Doretta Royer 315 464-4833
SUNY Upstate clinical trial studies irritable bowel treatments
SYRACUSE, N.Y. — SUNY Upstate Medical University is one of 200 sites nationwide participating in a study whose findings may result in effective relief for women who suffer from diarrhea predominant irritable bowel syndrome (d-IBS). The study is sponsored by GlaxoSmithKline, Inc.
Women who are 18 years of age or older, have had severe d-IBS symptoms for at least six months, had anatomical or biochemical abnormalities of the gastrointestinal tract excluded, and have failed to respond to conventional therapy and meet all other inclusion/exclusion criteria are being sought to participate in the study. Volunteers will be reimbursed for parking fees and travel expenses. There is no charge for the medicine or for a colon procedure.
According to Philip Holtzapple, M.D., professor of medicine and pediatrics at SUNY Upstate, who is heading the study, the randomized, double-blinded and placebo-controlled study will test the safety of different doses of alosetron, (brand name Lotronex), used to treat women with severe d-IBS whose symptoms include frequent episodes of diarrhea, severe pain/discomfort, and frequent bowel urgency. “Our study will determine if a lower dose of the medication could be tolerated and used to treat a more global d-IBS population to improve their quality of life,” said Holtzapple.
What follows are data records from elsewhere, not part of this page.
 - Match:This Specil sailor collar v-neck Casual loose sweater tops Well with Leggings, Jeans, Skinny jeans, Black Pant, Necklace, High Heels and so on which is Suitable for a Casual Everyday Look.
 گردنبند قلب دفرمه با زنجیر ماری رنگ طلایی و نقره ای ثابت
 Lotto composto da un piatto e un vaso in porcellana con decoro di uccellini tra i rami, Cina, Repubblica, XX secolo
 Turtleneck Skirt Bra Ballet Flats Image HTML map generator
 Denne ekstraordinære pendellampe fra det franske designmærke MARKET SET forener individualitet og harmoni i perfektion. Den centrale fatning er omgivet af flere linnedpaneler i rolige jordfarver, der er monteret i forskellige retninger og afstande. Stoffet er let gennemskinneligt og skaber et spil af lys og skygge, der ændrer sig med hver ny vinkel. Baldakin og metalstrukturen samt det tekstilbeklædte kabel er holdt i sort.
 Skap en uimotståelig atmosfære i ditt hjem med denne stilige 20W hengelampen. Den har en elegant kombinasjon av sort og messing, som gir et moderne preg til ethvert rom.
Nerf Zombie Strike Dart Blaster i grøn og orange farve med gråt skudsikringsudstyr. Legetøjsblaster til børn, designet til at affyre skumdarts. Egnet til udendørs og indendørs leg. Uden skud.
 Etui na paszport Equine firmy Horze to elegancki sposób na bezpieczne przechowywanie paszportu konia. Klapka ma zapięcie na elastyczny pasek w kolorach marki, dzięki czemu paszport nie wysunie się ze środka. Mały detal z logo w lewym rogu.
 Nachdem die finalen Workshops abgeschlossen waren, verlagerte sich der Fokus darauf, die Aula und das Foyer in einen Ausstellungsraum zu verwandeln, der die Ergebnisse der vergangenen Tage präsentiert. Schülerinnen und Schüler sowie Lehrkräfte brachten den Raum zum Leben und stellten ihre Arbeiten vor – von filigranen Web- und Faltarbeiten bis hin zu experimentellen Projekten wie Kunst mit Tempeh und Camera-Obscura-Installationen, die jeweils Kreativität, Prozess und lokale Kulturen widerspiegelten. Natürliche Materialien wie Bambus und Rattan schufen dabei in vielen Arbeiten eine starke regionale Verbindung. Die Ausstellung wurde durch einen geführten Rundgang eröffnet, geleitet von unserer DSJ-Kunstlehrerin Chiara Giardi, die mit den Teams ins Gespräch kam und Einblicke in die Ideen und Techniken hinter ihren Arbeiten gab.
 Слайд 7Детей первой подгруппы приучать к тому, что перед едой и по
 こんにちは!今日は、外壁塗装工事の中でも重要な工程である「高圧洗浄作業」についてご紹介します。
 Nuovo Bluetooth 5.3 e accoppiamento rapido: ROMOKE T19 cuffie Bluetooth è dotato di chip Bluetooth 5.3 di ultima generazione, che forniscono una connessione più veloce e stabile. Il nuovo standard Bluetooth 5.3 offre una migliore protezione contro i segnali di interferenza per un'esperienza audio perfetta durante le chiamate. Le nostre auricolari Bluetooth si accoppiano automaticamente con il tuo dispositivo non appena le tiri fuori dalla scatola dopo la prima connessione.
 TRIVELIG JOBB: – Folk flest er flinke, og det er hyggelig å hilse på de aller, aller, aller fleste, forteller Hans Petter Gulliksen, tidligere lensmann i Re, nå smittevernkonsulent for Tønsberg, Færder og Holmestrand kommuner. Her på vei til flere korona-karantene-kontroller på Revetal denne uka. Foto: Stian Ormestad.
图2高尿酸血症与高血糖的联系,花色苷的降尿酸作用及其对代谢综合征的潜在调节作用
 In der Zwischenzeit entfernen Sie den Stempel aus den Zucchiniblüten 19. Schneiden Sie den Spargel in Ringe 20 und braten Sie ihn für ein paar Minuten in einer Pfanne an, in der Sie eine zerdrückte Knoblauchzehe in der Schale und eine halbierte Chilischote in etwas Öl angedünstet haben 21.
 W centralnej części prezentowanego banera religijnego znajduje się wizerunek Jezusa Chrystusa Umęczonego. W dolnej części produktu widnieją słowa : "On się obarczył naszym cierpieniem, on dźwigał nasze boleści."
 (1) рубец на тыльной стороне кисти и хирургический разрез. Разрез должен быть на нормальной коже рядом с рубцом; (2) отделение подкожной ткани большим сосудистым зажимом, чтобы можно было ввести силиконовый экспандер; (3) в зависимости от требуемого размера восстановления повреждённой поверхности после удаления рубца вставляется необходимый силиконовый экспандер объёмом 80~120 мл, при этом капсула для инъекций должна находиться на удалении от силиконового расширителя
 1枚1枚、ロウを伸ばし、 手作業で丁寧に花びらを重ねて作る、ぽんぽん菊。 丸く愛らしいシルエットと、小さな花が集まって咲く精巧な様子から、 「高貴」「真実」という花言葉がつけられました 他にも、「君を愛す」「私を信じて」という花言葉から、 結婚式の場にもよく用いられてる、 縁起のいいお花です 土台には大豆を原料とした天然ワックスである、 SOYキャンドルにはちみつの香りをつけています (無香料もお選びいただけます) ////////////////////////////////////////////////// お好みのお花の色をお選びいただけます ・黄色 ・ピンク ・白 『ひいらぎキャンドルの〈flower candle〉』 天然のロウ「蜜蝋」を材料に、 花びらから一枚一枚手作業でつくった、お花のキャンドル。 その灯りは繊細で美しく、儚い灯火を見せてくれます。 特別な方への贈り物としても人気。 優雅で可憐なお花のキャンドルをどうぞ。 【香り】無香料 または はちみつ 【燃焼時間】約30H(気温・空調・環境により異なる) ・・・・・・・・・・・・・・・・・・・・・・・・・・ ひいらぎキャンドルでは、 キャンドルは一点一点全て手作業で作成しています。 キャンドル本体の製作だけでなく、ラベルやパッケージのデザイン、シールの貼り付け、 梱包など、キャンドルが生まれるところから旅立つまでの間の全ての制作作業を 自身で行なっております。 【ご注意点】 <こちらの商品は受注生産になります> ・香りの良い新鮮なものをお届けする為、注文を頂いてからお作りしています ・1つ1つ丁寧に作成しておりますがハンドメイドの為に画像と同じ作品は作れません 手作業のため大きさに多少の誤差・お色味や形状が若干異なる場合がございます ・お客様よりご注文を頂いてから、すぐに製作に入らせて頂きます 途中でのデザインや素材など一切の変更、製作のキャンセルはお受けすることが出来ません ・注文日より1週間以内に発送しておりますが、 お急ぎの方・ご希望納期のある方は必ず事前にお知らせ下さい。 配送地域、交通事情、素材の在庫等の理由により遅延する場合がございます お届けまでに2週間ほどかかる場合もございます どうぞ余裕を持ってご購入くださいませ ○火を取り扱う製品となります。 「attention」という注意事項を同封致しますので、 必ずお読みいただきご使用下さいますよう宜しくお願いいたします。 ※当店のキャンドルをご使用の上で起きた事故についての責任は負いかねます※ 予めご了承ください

The alosetron 1 mg bid dose was originally approved in the United States in February 2000 for treatment of women with d-IBS, but was withdrawn from the market later that year because of reports of serious gastrointestinal (GI) adverse events, including ischemic colitis and serious complications of constipation.
It was re-approved in June of 2002, but restricted for use only in women with severe d-IBS who experience chronic IBS symptoms, have had anatomical or biochemical abnormalities of the GI tract excluded, and who have failed to respond to conventional therapy.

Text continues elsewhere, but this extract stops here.